Why might you consider such a solution? First, it would probably save you a lot of money. Traditional on-premises identity management systems are expensive to purchase, deploy, and maintain in both headcount costs and annual maintenance fees. SCUID Lifecycle charges a simple per-user fee that drops rapidly with the number of users. To keep implementation costs down, SCUID has created a set of templates that it believes describes the vast majority of on-premises identity management configurations, and it charges a one-time setup fee to create a semi-custom configuration for your identity management environment based on one of these templates. SCUID maintains it is also very straightforward in telling a potential customer whether it simply won’t fit into one of its configuration templates.Another reason to think about a solution like this is that it should be easy to work with compared with traditional identity management systems. On-premises systems have complicated and user-unfriendly interfaces—especially for end users. The trend toward simplifying the UI is a good one, and SCUID Lifecycle’s is extremely straightforward. (I also give extra-credit points to Identropy for using “freaking suck!!” to describe traditional identity management systems’ UIs in its product’s web intro.)
A Question of Comfort
Are you instinctively uncomfortable with this “from the cloud” solution? (I know I was.) It’s because you don’t like the idea of having your identity management hosted off premises, potentially more exposed and definitely more dependent on external factors than an on-premises solution. Well, if you lose your Internet connection, you’ll lose all your SaaS applications and the ability to perform integrated identity management, but you can still manage identity through local interfaces (e.g., Active Directory Users and Computers), and the ICE VM tracks and queues up changes to integrate into the Lifecycle system when the connection becomes available again. The real choice is cost savings and time to value versus your acceptable level of risk associated with managing identity using any outside entity.
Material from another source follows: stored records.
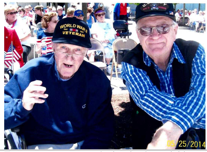
Two mature veterans sharing in the activities at Indiantown Gap National Cemetery's annual ceremonies for Memory Day, near Annville, PA.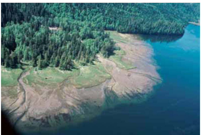
Khutzeymateen Provincial Park 2013/14 Annual Service Plan Report

A safe and sustainable supply of high-quality water is vital to our communities, economy and environment. This can be achieved through effective legislation, innovative approaches to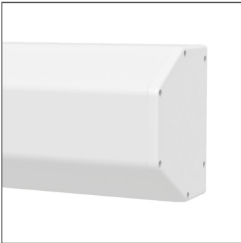
White Case (Standard)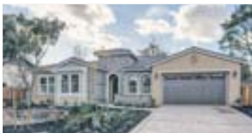
Walnut Creek Represented Seller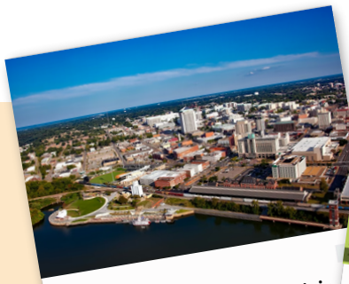
ARTICLE Alabama: The Heart of Dixie

The Alabama State History Collection curates content aligned to AL's 3rd grade state history standards, with instructional resources that support teachers to help young learners engage with the material.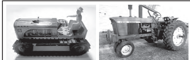
John Deere Tractors, Case 530 Backhoe, Tools, Vehicles, Antiques, Toys & Personal Property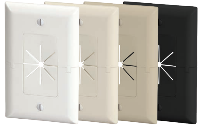
White Lite Almond Ivory Black

DataComm Electronics' patented Split Plate with Flexible Opening to install low voltage cables behind your HDTV, amplifier or other audio video devices. With the split design, this Cable Plate can be installed around existing low voltage cables run through the wall, eliminating the need to re-pull wires keeping the opening in the wall covered.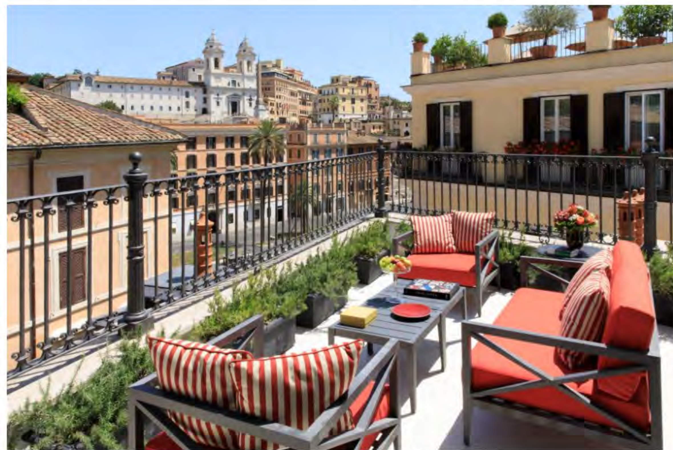
A TERRACE WITH VIEWS OF ROME

TRAVEL NEWS 22 of the world's most amazing travel facts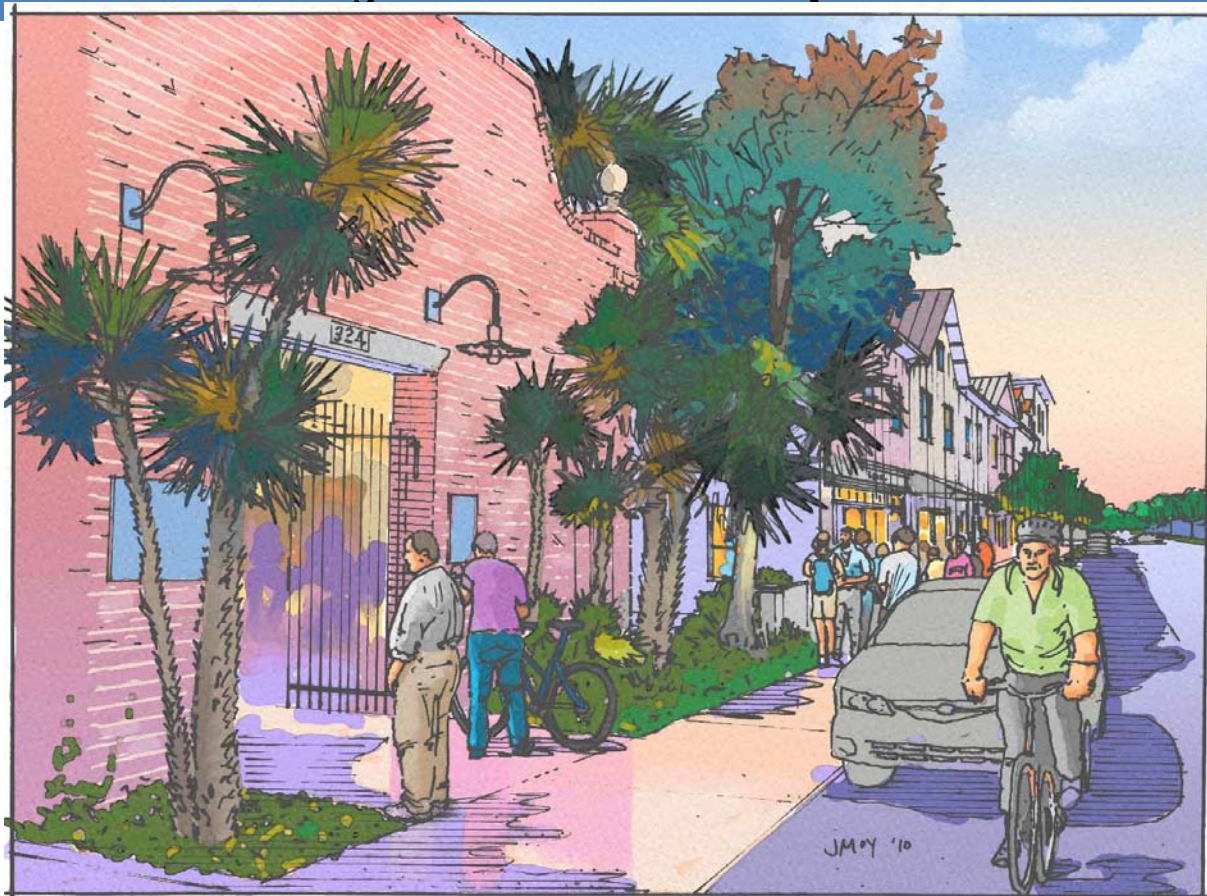
View of Downtown Gateway Tarpon Springs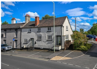
33 Salop St, Bridgnorth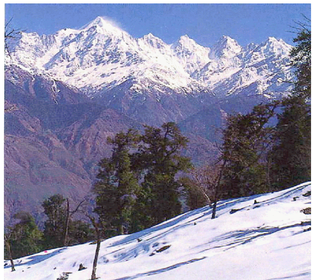
The natural scenery of the Himalayas

Whereas, the people coming from outside recognize the Himalayan scenery as a valuable resource, the natives see their land through accustomed spectacles. They somehow never attached any material value to their natural settings as far as their aesthetic aspirations were concerned. This could be because of the simple reason that it cost them nothing to derive visual pleasure from their own landscapes around them. At the most they regarded Himalayan beauty as a positive aspect of their life amidst the innumerable hardships of this terrain. Nevertheless, it needs to be researched empirically how the natives perceive the scenery in their own natural settings and whether they differ in their perception from the resource users coming from outside the region. Perceptions of the resource users from outside may be a much more varied subject.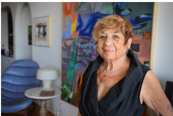
Sarasota Herald Tribune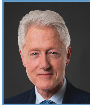
President William J. Clinton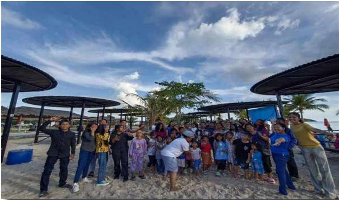
Easter celebration for Sunday school children as well as recreation.

Hopefully, this ministry will continue to grow, and we seek prayer support from all of us for this task of preaching the Gospel. Glory to the Lord Jesus. Amen.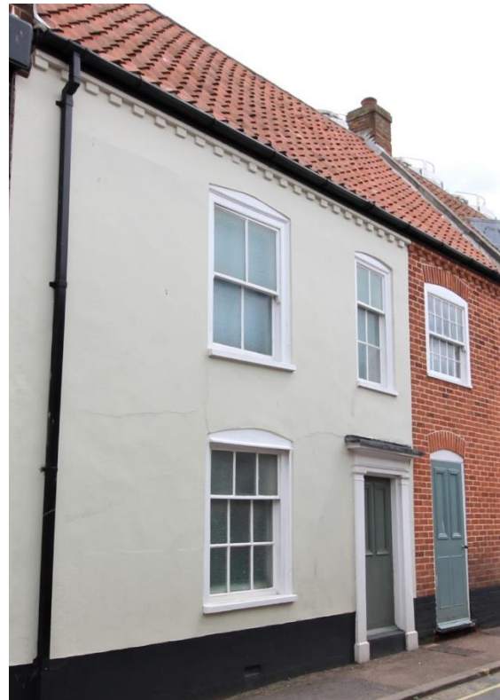
No.18 Church Street

Nos.2 & 4 Church Street (Positive Unlisted Building). A purpose-built former engineering works of 1896 constructed by James Powditch for William Powditch engineer and Whitesmith, now sympathetically converted to offices. Red brick with cast iron window frames. Two storey asymmetrical façade with arched red brick lintels and red brick sills. Boarded entrance doors and taking-in doors at first floor level.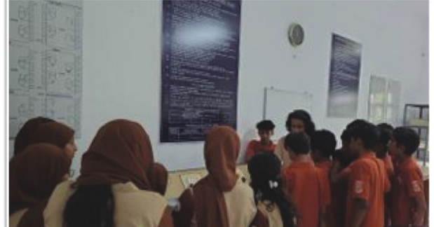
"Dive into Electronics" Workshop

AECE organised an outreach programme "Dive into Electronics" for high school students on December 5. Students learned about various projects in the programme.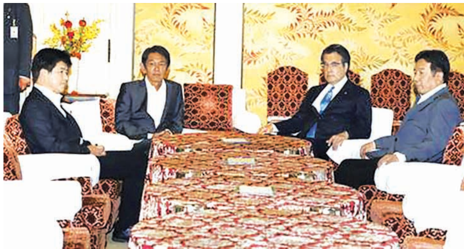
Japan Innovation Party leader Yorihiisa Matsuno (2nd from L) meets with Democratic Party of Japan chief Katsuya Okada (2nd from R), together with other senior lawmakers of the two opposition parties, at the parliament building in Tokyo on Aug. 31, 2015.

TOKYO, 31 Aug — The heads of Japan's two largest opposition parties on Monday confirmed their plan to cooperate in joining forces to challenge the ruling Liberal Democratic Party in future elections.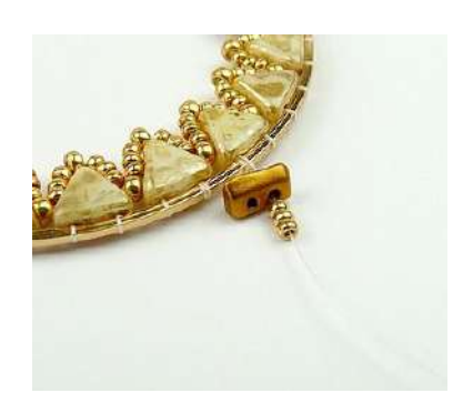
9) String 1 Piros and 3 SB15.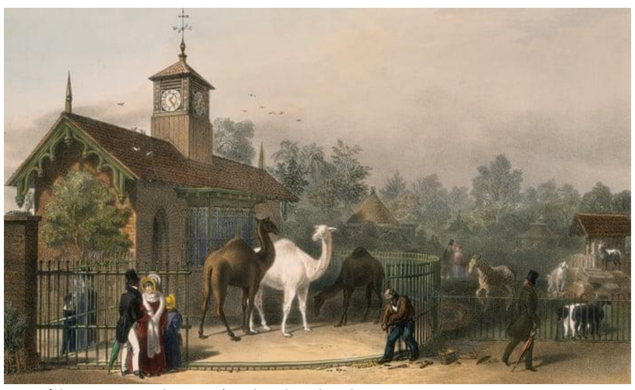
Some of the menagerie at the Regent's Park Zoological Gardens, 1835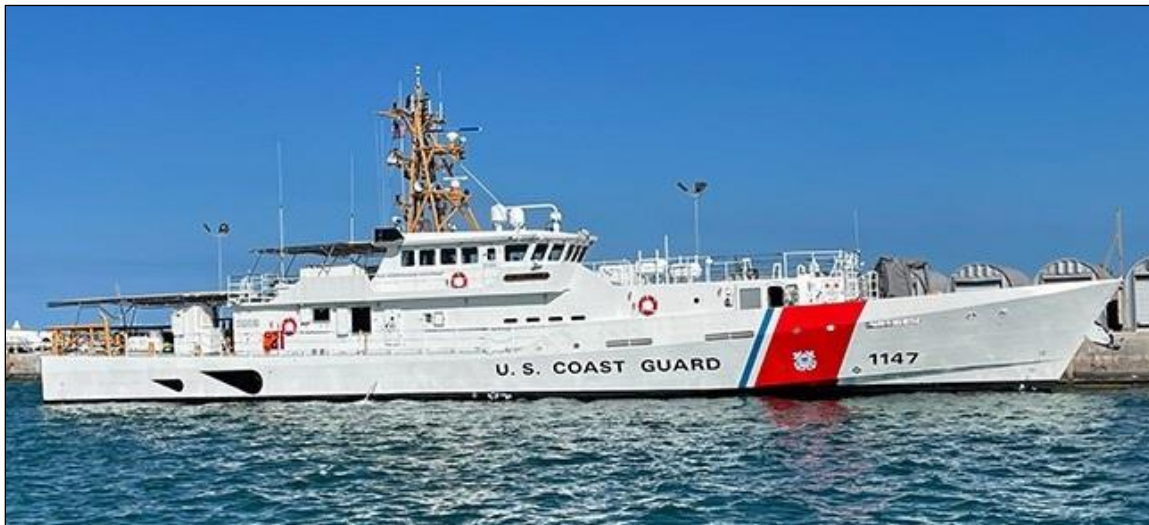
Figure 11. Fast Response Cutter

Identity management technology has been re-energized by all the possibilities the cloud computing model affords us, and a whole market of identity service providers has materialized in the past few years to take advantage of these possibilities. Whether the market will embrace all of them remains to be seen. For your part, you should be paying attention to this evolution; you might come across a variation of the puzzle pieces that fits your needs well.